(Beginning of Task inputs)

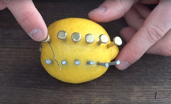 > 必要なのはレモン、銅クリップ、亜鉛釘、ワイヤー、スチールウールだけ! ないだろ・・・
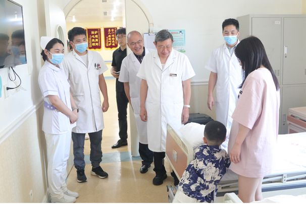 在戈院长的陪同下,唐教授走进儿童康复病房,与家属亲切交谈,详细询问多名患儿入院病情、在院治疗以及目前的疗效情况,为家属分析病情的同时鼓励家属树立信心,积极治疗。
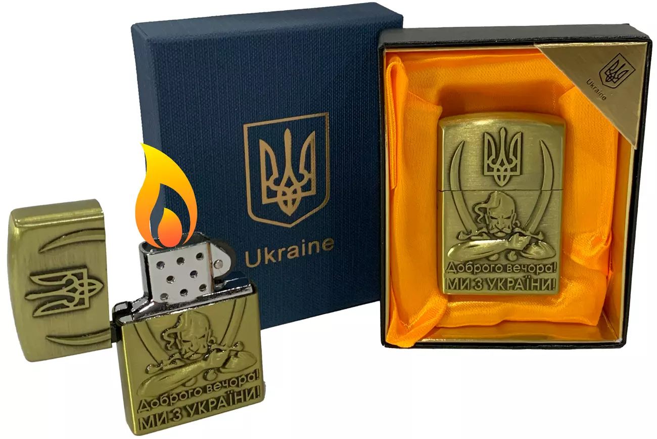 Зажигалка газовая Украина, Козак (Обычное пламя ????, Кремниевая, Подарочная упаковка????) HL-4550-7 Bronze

(End of Task inputs)
(Beginning of Task inputs)

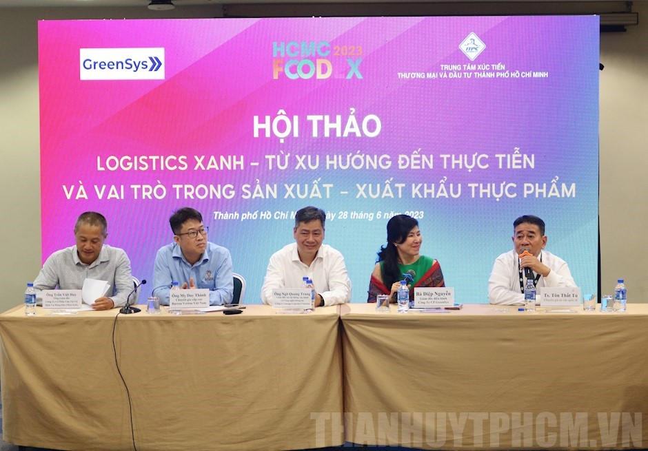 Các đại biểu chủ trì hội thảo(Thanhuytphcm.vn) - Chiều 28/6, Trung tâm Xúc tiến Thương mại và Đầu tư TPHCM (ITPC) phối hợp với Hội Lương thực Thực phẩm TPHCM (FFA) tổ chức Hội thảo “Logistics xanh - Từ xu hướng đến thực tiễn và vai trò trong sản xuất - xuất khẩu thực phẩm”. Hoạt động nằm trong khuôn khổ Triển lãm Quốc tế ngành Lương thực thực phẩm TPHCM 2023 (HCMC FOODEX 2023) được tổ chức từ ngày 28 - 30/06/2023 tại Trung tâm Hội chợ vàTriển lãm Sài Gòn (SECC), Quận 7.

(End of Task inputs)

What needs to be done: All that should be printed is the run of lines above from the one with "在戈院长的陪同下,唐教授走进" through the one with "Зажигалка газовая Украина, Козак", both included, exactly as given, with pictures left out.

Output for this exercise:
 在戈院长的陪同下,唐教授走进儿童康复病房,与家属亲切交谈,详细询问多名患儿入院病情、在院治疗以及目前的疗效情况,为家属分析病情的同时鼓励家属树立信心,积极治疗。
 Зажигалка газовая Украина, Козак (Обычное пламя ????, Кремниевая, Подарочная упаковка????) HL-4550-7 Bronze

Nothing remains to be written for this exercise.